'''

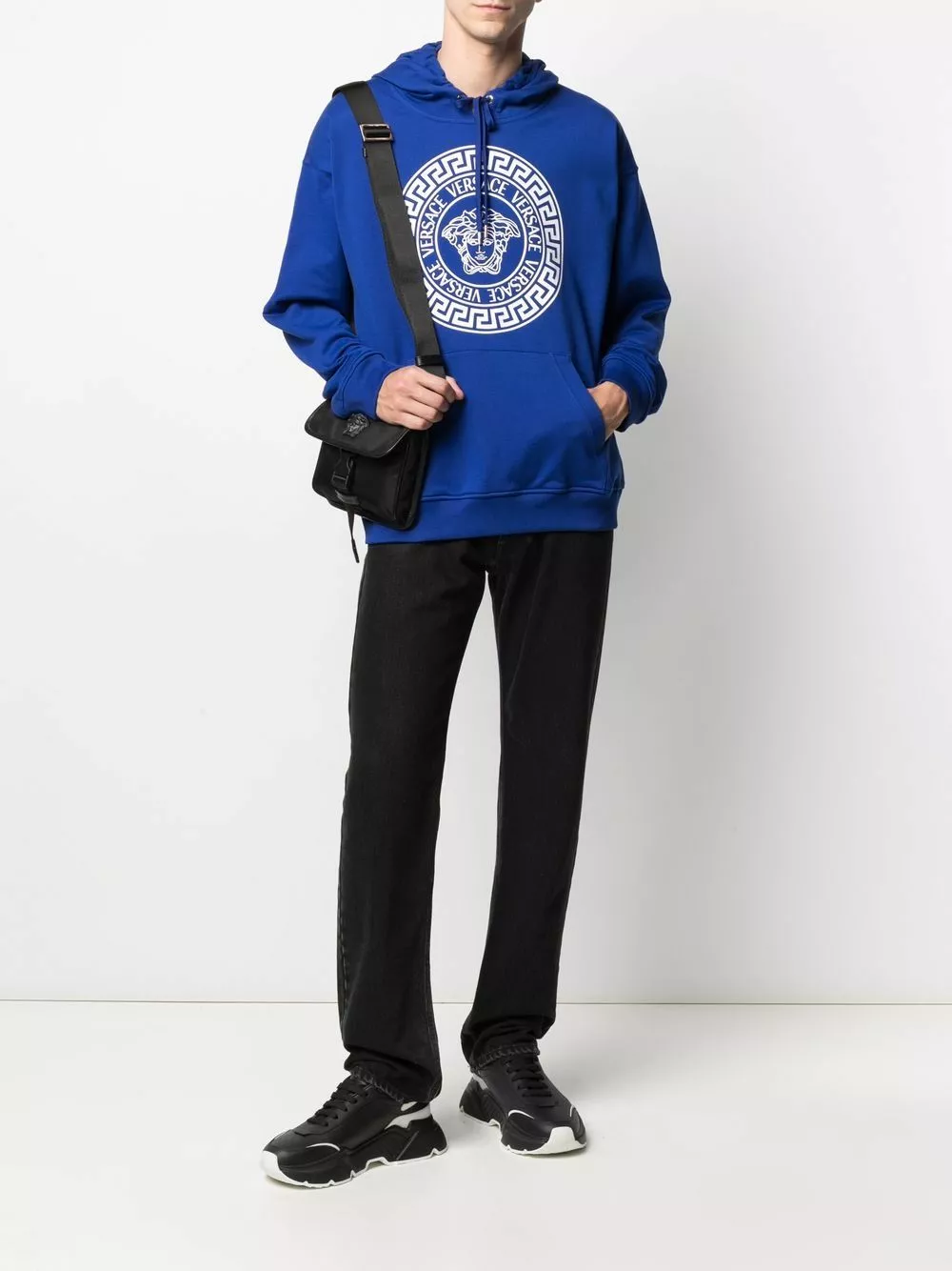 One of the most enticing things about this Medusa Head logo hoodie from Versace has got to be its uncanny ability to blend into our existing wardrobe. Designed from soft cotton, the relaxed shape boasts the label’s signature emblem front and centre across the chest.
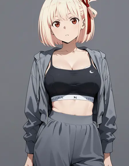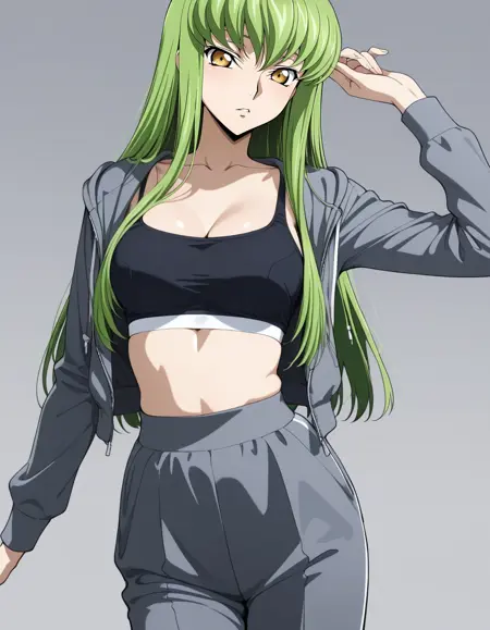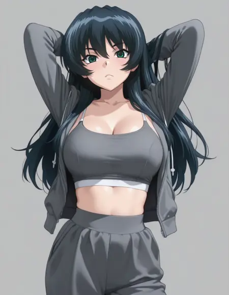 mai_bj_hooded_jacket,hooded_jacket,grey_jacket,open_jacket,crop_top,bra,midriff,track_pants,grey_pants
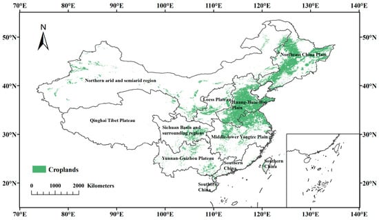 China’s croplands in 2001–2020 and division of nine agricultural regions.
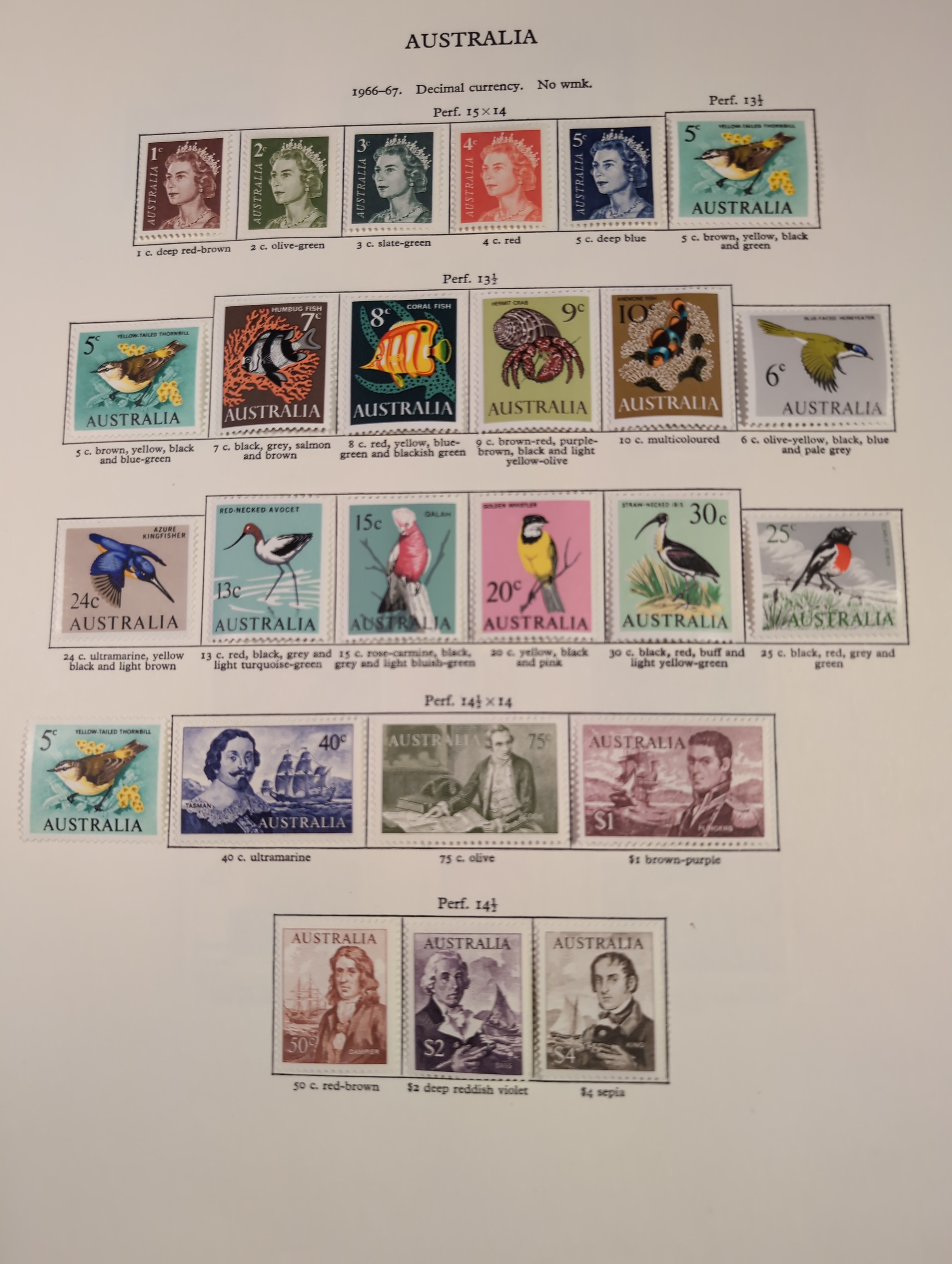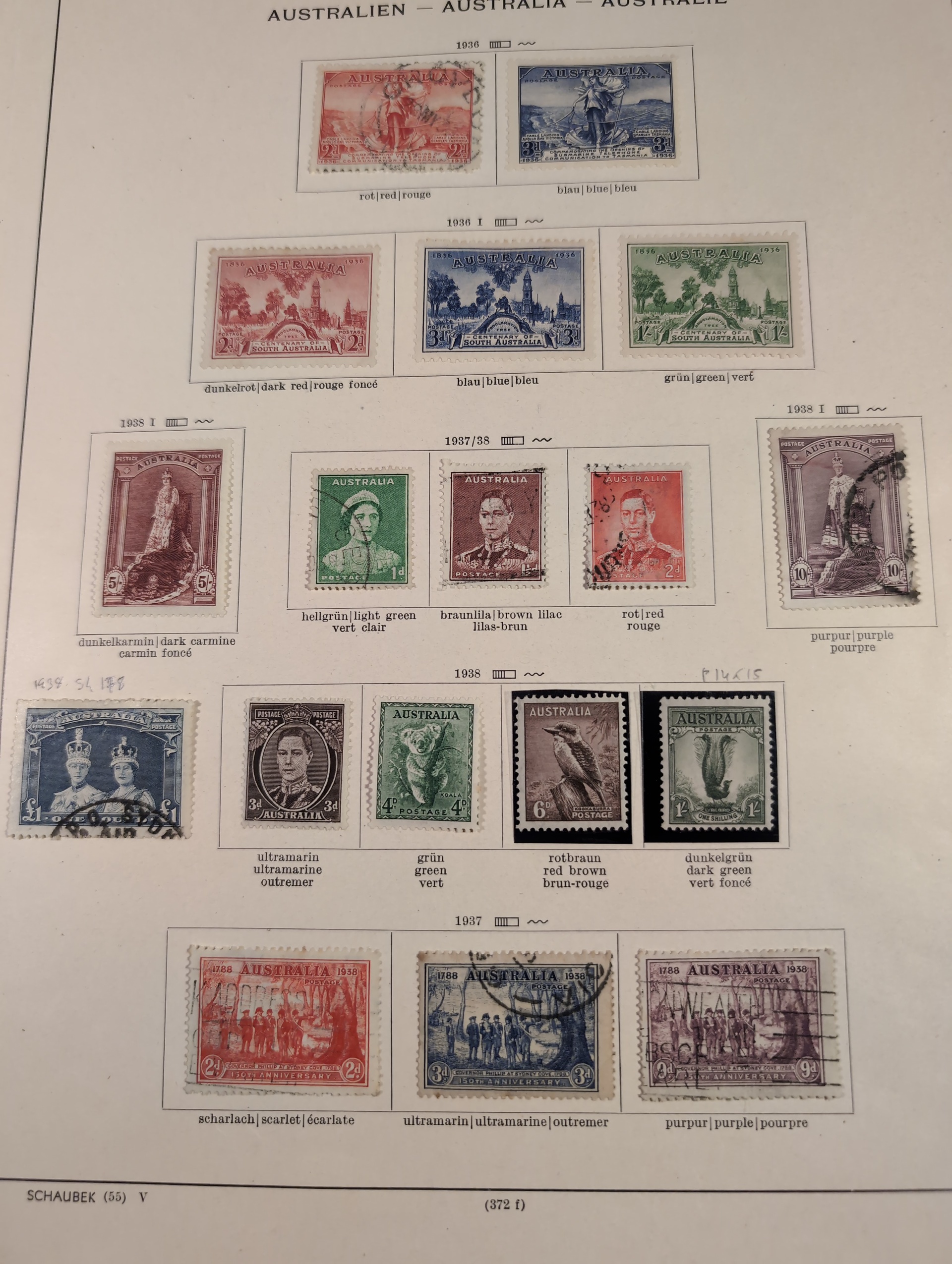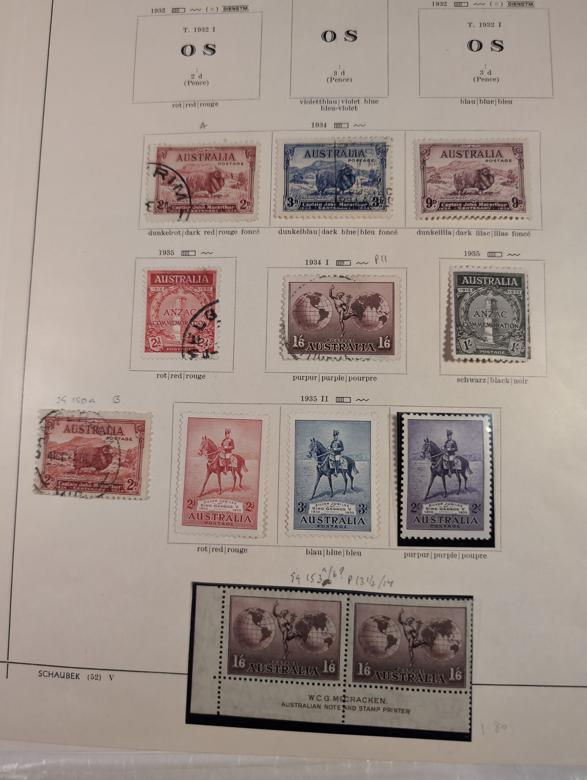 Australia. Collection ★/⊙ 1913–1971 on leaves. Roos to 10s used and 6d mint, KGV heads to 1s4s mint. Nice 1930s incl. Sidney Harbour bridge 5s CTO and robes to #1 used, no stamps 1940–1964. Mint 1965–1971 apparantly almost complete. Mostly good quality.

'''

The job is to return the listing above exactly, minus its pictures.

 One of the most enticing things about this Medusa Head logo hoodie from Versace has got to be its uncanny ability to blend into our existing wardrobe. Designed from soft cotton, the relaxed shape boasts the label’s signature emblem front and centre across the chest.
 mai_bj_hooded_jacket,hooded_jacket,grey_jacket,open_jacket,crop_top,bra,midriff,track_pants,grey_pants
 China’s croplands in 2001–2020 and division of nine agricultural regions.
 Australia. Collection ★/⊙ 1913–1971 on leaves. Roos to 10s used and 6d mint, KGV heads to 1s4s mint. Nice 1930s incl. Sidney Harbour bridge 5s CTO and robes to #1 used, no stamps 1940–1964. Mint 1965–1971 apparantly almost complete. Mostly good quality.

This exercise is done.